Courts are increasingly taking a close look at the validity of climate change lawsuits against oil producers. And for good reason: These cases severely test the boundaries of court jurisdiction, the breadth of tort law, the protections of due process and even the sanctity of free speech.
As one example of this scrutiny, last Oct. 3, the U.S. Supreme Court signaled a serious interest in the proper forum and scope for climate change litigation.
In Suncor Energy (U.S.A.) Inc. v. Board of County Commissioners of Boulder County
, the Supreme Court
invited the solicitor general of the United States to weigh in, even though the United States is not a party to the litigation. The federal government is invited to file a brief with an official legal opinion of the federal government about the questions presented regarding the role of federal and state courts and the scope of federal and state common law for evaluating lawsuits alleging climate change injuries from fossil fuel production and consumption. These invitations are rare.

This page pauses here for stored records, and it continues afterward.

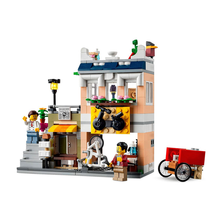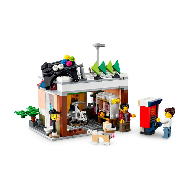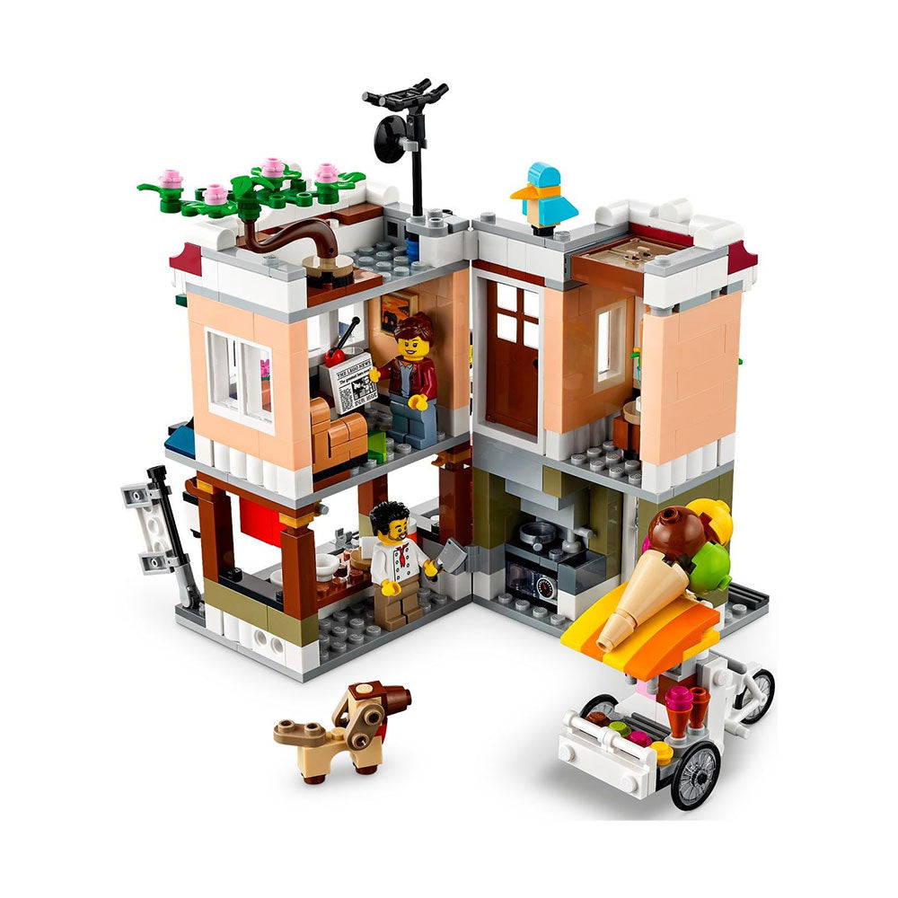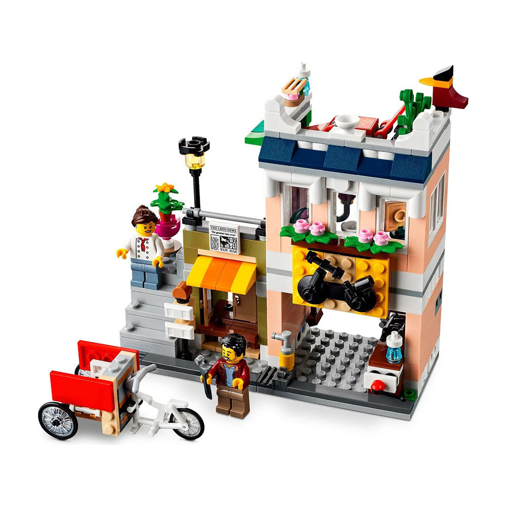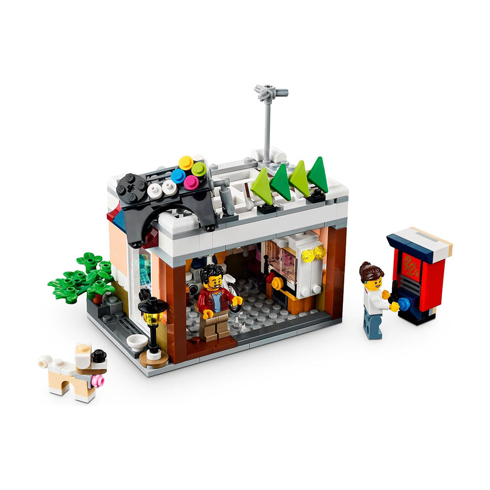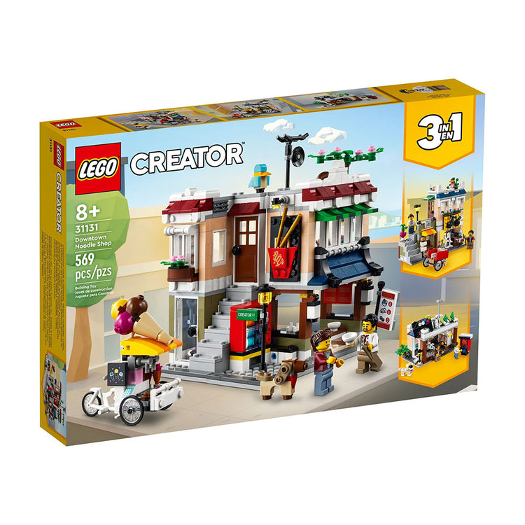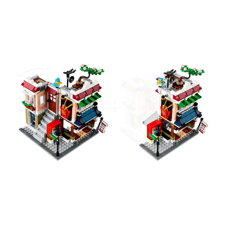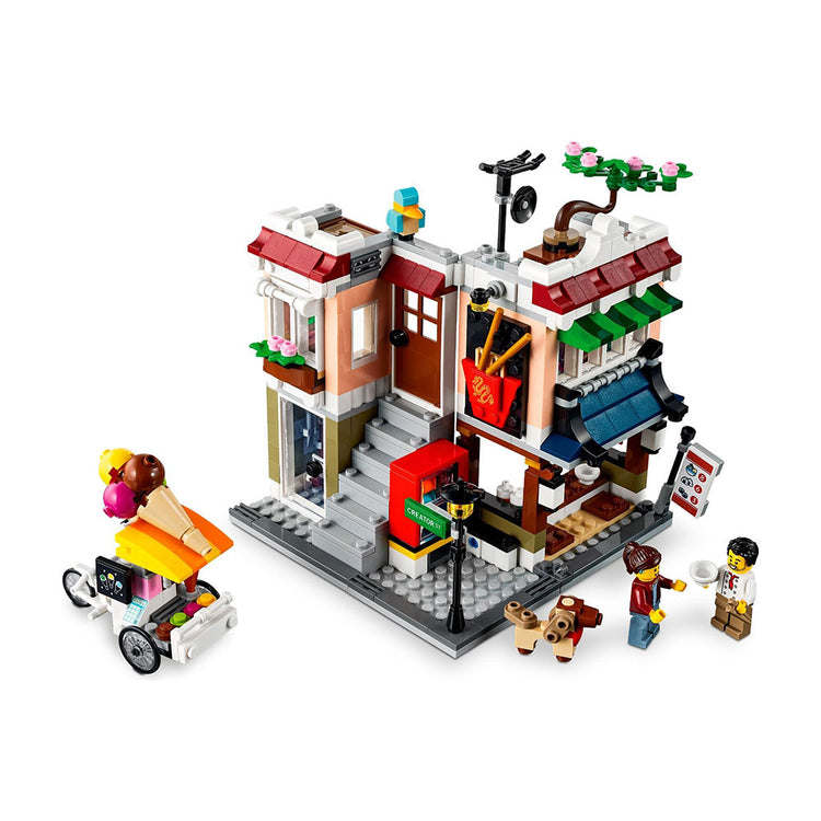 LEGO Creator 3in1 Downtown Noodle Shop. This 2-story townhouse with a Noodle Shop at street level and a supercool apartment and roof terrace above it. The house includes 2 minifigures and also folds open at the back to give even more play options. That is just 1 of the 3 options this build offers, build them all and let us know which one was your favourite.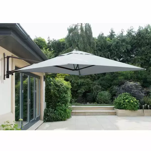 Simple and easy to use. The Garden Must Haves Wall Mounted Cantilever Parasol will make a practical addition to any garden. Made from a sturdy aluminium frame and polyester canopy the parasol is durable, resistant to fading and easy to clean.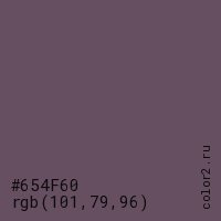 Цвет #654F60 в цветовой модели RGB обозначается тремя октетами (101, 79, 96) в десятичном формате и #654F60 в шестнадцатиричном (hex) формате, которые являются интенсивностью красного 101 (hex 65), интенсивность зелёного 79 (hex 4F) и интенсивность синего 96 (hex 60).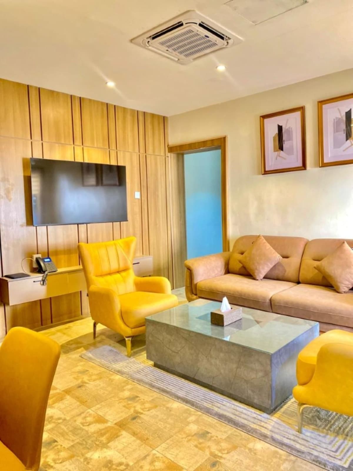 This is a privately owned, redesigned executive 1 bedroom with kitchenette located inside a full-service highly secured hotel in Garki II, with the privacy & comfort of your own apartment-style space, perfect for business travellers, families & extended stays. Enjoy premium amenities such as; Swimming pool Private balcony & exterior Patio Fully equipped gym On-site restaurant High-speed WiFi, Netflix & DSTV 24/7 power supply & AC Daily housekeeping 24/7 security & CCTV Lift access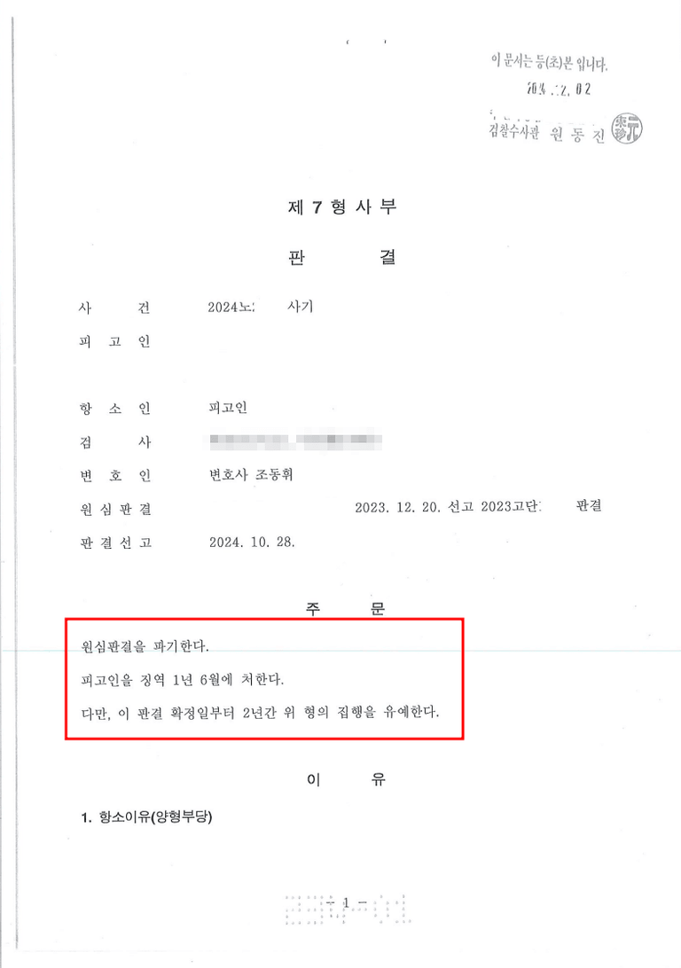 항소심 재판부는 저의 변론을 받아들여서 1심의 실형 판결을 취소하고 집행유예를 선고했습니다. 같은 종류의 전과가 있고 상당한 피해액이 발생한 사건임에도 불구하고 실형을 면하고 집행유예를 받아낸 것은 매우 의미 있는 성과였습니다. 불가능해 보였던 상황에서 이끌어낸 소중한 승리로, 의뢰인은 사회로 돌아갈 기회를 다시 한 번 얻을 수 있게 되었습니다.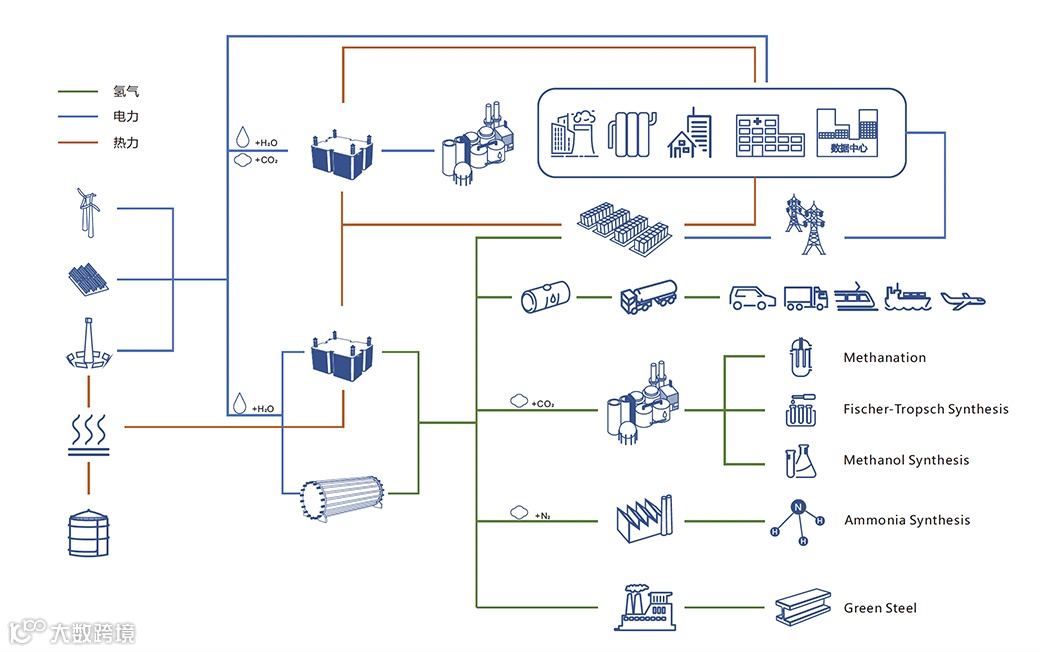 在西北等优势资源地区,我们投资建设部分绿氢项目,这些项目的电力均来自于周边的风电和光伏电站,中间没有任何的碳排放;通过不断的科技研发和创新,我们在努力降低我们产品和设备的能耗;在上游,我们与风电、光伏等新能源企业协同推进“风光氢储”一体化的项目建设模式;在下游,我们提出“电化学工厂”的概念,通过绿电和绿氢帮助下游企业深度脱碳,比如合成氨、冶金、交通等领域,通过我们独特的SOEC技术及碱性制氢技术,传统的化工企业,可以采用绿电来生产碳氢化合物,比如电制甲烷,甲醇等,理论上有碳有氢可造万物。未来,可能我们的衣服,鞋子,塑料袋等等,都将不再是由石油天然气或者煤炭为原料来生产,而是使用我们的技术,用绿电、绿氢以及通过CCS技术捕捉的CO2来生产的。

All of the cases similar to Suncor percolating across the country are focused on suing companies for the effects of climate change. Yet, each of these lawsuits also tack on “consumer deception” and related “greenwashing” claims. Both categories get a lot of attention, but the latter deserves special inspection.
These so-called deception claims sometimes allege that the companies downplayed the impacts of climate change despite that there is no affirmative duty to share everything you know, especially when consumers in the market have access to the same information.
Other times the greenwashing claims allege that the companies should not have been allowed to advertise about efforts they are making toward developing cleaner energy because these efforts were not as robust as the plaintiffs would have liked. Indeed, in several cases, the plaintiffs have essentially stated that these companies should not have been allowed to speak about their environmental successes because the only clean fossil fuel is no fossil fuel.
These consumer deception lawsuits are direct attacks on rights to speak and the corollary rights to not be compelled to speak. But there should be no climate change exception to free speech.
In 2019, Justice
Samuel Alito penned an important dissenting opinion from a decision by the Supreme Court not to hear an appeal in
National Review, Inc. v. Mann. He saw the denial as a lost opportunity to underscore that traditional and ordinary principles protecting free speech to promote discourse should apply within climate change discussions specifically.
Justice Alito noted that “To ensure that our democracy is preserved and is permitted to flourish, this Court must closely scrutinize any restrictions on the statements that can be made on important public policy issues. Otherwise, such restrictions can easily be used to silence the expression of unpopular views.”
Free speech is an invaluable thing with a fragility that counsels constant vigilance for its protection.